_Problem:_
Pictures do not belong in the output. Reproduce exactly the lines from the start of the records through the line with "自营喻品衣架落地衣帽架挂衣架卧室客厅晾衣杆晒衣架可置物加粗MJ53黑100".

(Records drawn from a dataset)
☆ ☆ ☆ ☆ ☆ ☆ ☆

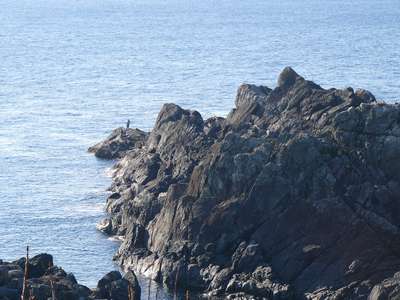 これが本州最南端!。 本州最南端で釣りをしてる人がいます。 風も波も無く釣り日和。 |
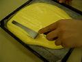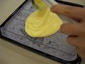 生地が冷めたら、上面にジャムを全体に塗り広げる。
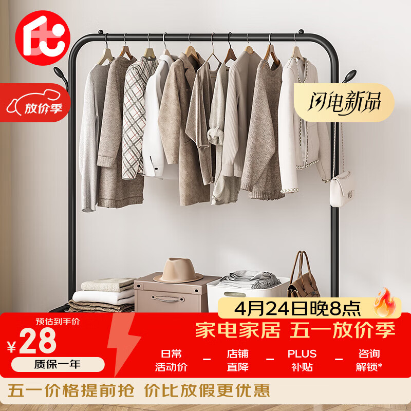 自营喻品衣架落地衣帽架挂衣架卧室客厅晾衣杆晒衣架可置物加粗MJ53黑100
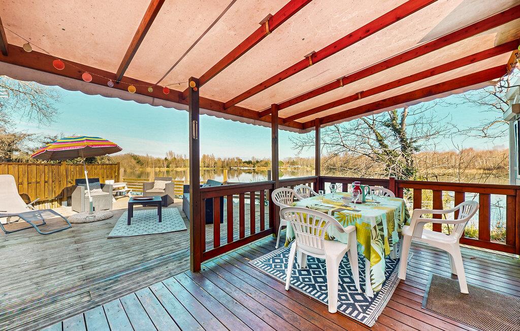 Start feriedagen med en god kopp kaffe og en deilig frokost på den overbygde terrassen. Derfra kan du nyte den fortryllende utsikten over den nærliggende innsjøen. Deretter kan du sette deg til rette i solsengene og hagestolene på den store, åpne terrassen eller ta en svømmetur. Innsjøen innbyr til bading og avslappende timer på stranden. Feriehuset byr også på mange sportslige aktiviteter. Her kan du spille fotball, basketball, bordtennis og petanque med hele familien. Her blir det aldri kjedelig.
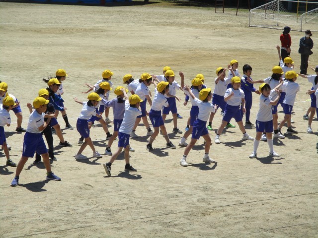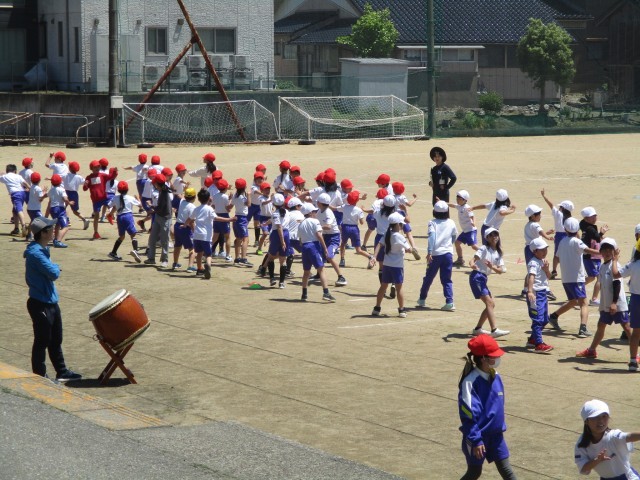 3時間目の学習の様子です。4年生と合同で、すもう体操の練習に励んでいました。

☆ ☆ ☆ ☆ ☆ ☆ ☆

_Answer to the problem:_
 これが本州最南端!。 本州最南端で釣りをしてる人がいます。 風も波も無く釣り日和。 |
 生地が冷めたら、上面にジャムを全体に塗り広げる。
 自营喻品衣架落地衣帽架挂衣架卧室客厅晾衣杆晒衣架可置物加粗MJ53黑100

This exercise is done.